The product needed a nameand he called it “Danone“, the Catalan nickname of his son Daniel — which turned out to be auspiciousbecause Daniel continued bacteriology studies at the Pasteur Institute and ended up taking over the company, launching a French branch in 1929.
When the Nazis occupied France during World War II, Daniel fled to the United States and He also founded a yogurt company there. Changed the name to “Dannon“, thinking the word sounded more English.
However, the business stagnatedbecause North Americans did not like the sour taste. Then Daniel had what would turn out to be a brilliant idea:added strawberry puree with yogurt — and American taste buds rejoiced.
The company grew by leaps and boundsif, after mergers with a cheese producer and a glass and beverage company, it was renamed as “Danone Group” — and is now a giant international food conglomeratewhich produces various yogurts, plant-based milks, bottled water, infant formulas and medical nutrition products.
Yogurt, in various versions, continues to be the main product of the company, which presents its product as beneficial for health. There is no benefit to Metchnikoff’s anti-aging claims, but gastrointestinal well-being, as suggested by Isaac Carasso, is promoted.

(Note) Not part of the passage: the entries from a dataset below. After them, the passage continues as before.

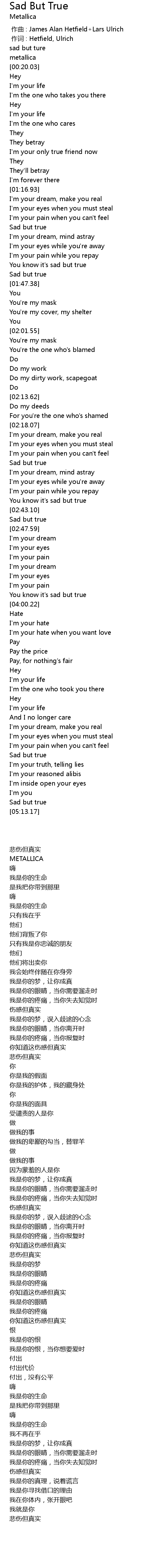 | [00:00.00] | zuo qu : James Alan Hetfield Lars Ulrich |
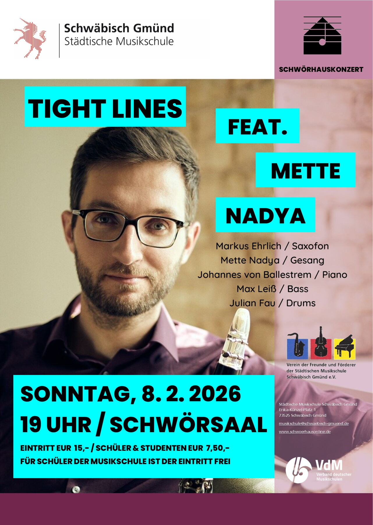 Schwäbisch Gmünd (sv). Markus Ehrlich ist am kommenden Sonntag, 8. Februar, mit seinem Jazz-Quartett „Tight Lines“ im Rahmen der Schwörhauskonzerte im Schwörsaal der Städtischen Musikschule zu hören. Es ist das erste SchwörhausKonzert mit dem Schwerpunkt Jazz. Im stimmungsvollen Ambiente präsentiert der Musiker mit seinem Ensemble „Tight Lines“ das aktuelles Jazzprogramm, das eigene Kompositionen und klangliche Entdeckungsreisen zwischen lyrischer Melodik, moderner Jazzsprache und energiegeladenen Grooves umfasst.
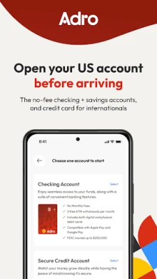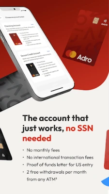 At Adro, we believe in making financial services accessible, even without an SSN. If you’re coming to the US to work or study, we’ve got you covered even before you move, with best-in-class checking, savings, and credit accounts that you can open and pre-fund from home. Skip the line at the bank and check this important step off your to-do list ahead of time.
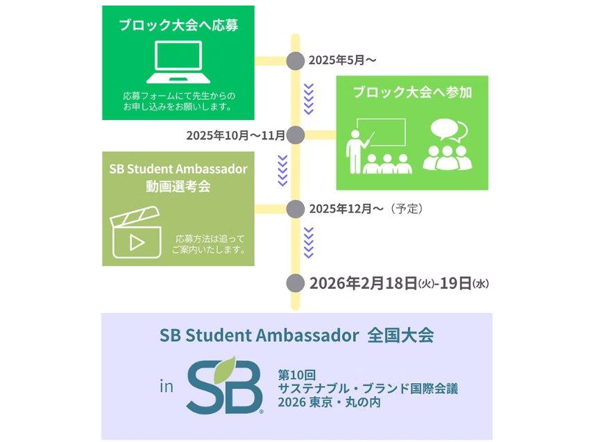 本大会は、今年で6回目の開催で、全国9都市で行われます。参加後は、動画選考会を経て、2026年2月に開催される企業や政府、NPO等がイノベーションを共創する「サステナブル・ブランド国際会議2026東京・丸の内」で実施する全国大会に出場できます。

The company highlights the inclusion of bacteria Regular bifidusyes not activeone of its flagship products, although the claim that Activia is “clinically proven” to “regulate the digestive system in two weeks” was abandoned after the US Federal Trade Commission said that that was misleadingbecause there was no such clinical evidence.

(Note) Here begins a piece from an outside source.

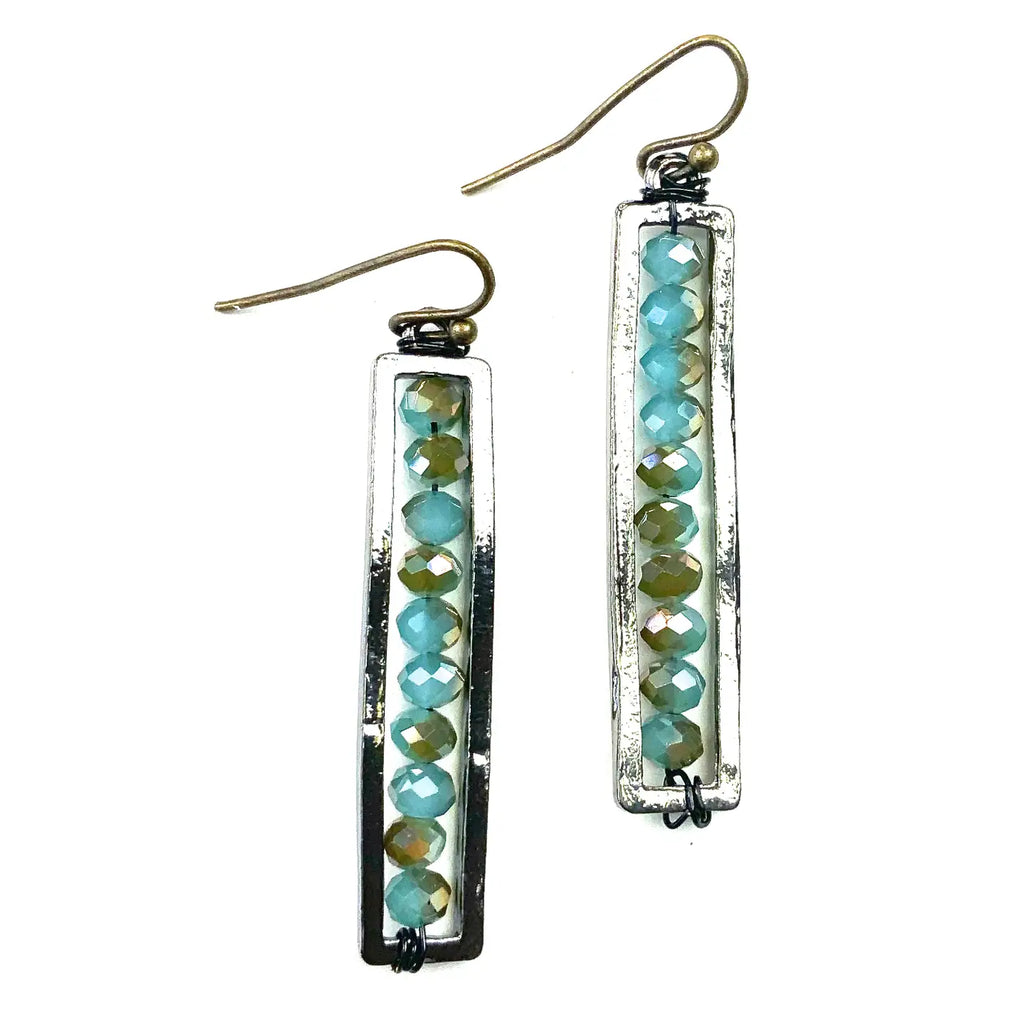 Lost and Found Trading Co. Turquoise Beaded Rectangle Bar Dangle Earrings

After several lawsuits, the manufacturer replaced the expression “clinically proven” with the softer “clinical studies show that…“.
In fact, some trials have shown that this yogurt accelerates modestly colon transit, reduces swelling and increases the frequency of bowel movements in some people with mild constipation. But three doses are required per day to reap these modest benefits.
Currently, allegations are even more moderate and ambiguouswith the label simply stating “supports gut health”.
Metchnikoff’s claims that yogurt prevent aging were far-fetched, but he was right about the possible gastrointestinal benefits that aroused the interest of Isaac Carasso — and that ended up resulting in the founding of the company that is now the largest yogurt producer in the world.